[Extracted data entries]
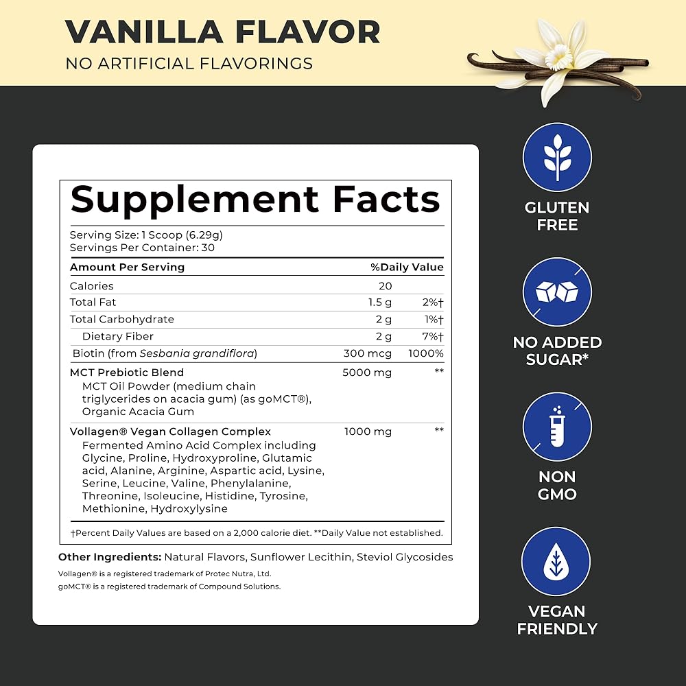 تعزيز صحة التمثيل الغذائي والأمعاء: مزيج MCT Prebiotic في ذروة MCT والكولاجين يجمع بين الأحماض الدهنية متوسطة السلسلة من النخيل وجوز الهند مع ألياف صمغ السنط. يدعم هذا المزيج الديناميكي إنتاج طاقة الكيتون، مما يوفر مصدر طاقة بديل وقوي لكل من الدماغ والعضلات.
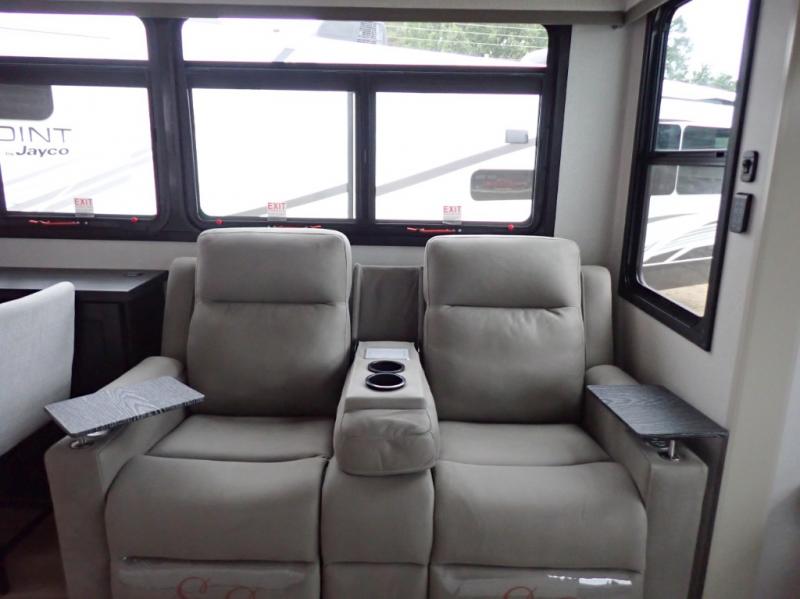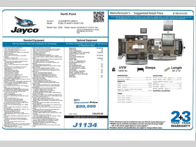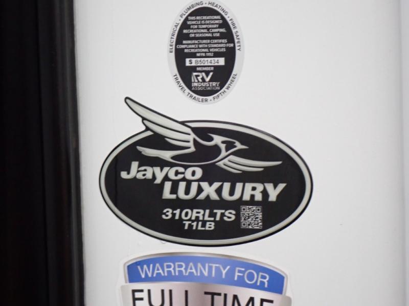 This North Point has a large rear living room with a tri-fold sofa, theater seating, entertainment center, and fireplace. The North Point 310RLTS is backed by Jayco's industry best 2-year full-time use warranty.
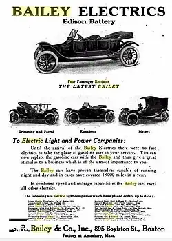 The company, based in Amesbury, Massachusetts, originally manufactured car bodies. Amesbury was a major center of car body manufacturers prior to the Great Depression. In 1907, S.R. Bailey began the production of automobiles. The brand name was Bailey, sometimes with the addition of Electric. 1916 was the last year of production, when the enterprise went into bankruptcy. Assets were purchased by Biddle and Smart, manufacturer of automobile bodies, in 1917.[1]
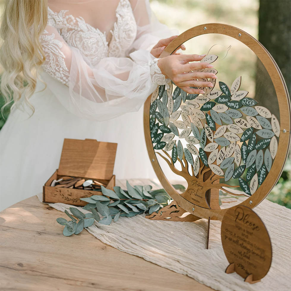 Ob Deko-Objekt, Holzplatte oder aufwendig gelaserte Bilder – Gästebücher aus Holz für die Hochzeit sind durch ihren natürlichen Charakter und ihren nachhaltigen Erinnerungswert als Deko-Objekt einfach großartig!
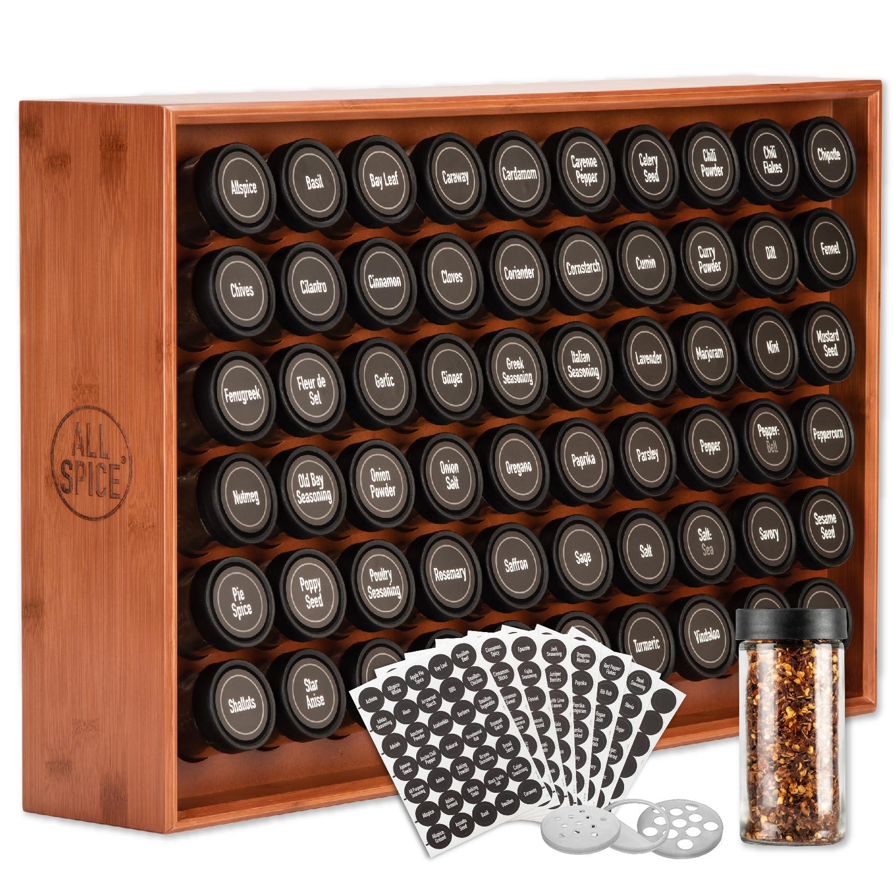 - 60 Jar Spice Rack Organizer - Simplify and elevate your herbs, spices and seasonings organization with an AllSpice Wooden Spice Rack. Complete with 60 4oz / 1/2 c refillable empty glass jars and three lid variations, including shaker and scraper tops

→ **WHAT TO PRODUCE**:
Ending at the line with "This North Point", reproduce exactly the lines that begin at the top of the data, and include no pictures.

→ **RESULT OF THIS TASK**:
 تعزيز صحة التمثيل الغذائي والأمعاء: مزيج MCT Prebiotic في ذروة MCT والكولاجين يجمع بين الأحماض الدهنية متوسطة السلسلة من النخيل وجوز الهند مع ألياف صمغ السنط. يدعم هذا المزيج الديناميكي إنتاج طاقة الكيتون، مما يوفر مصدر طاقة بديل وقوي لكل من الدماغ والعضلات.
 This North Point has a large rear living room with a tri-fold sofa, theater seating, entertainment center, and fireplace. The North Point 310RLTS is backed by Jayco's industry best 2-year full-time use warranty.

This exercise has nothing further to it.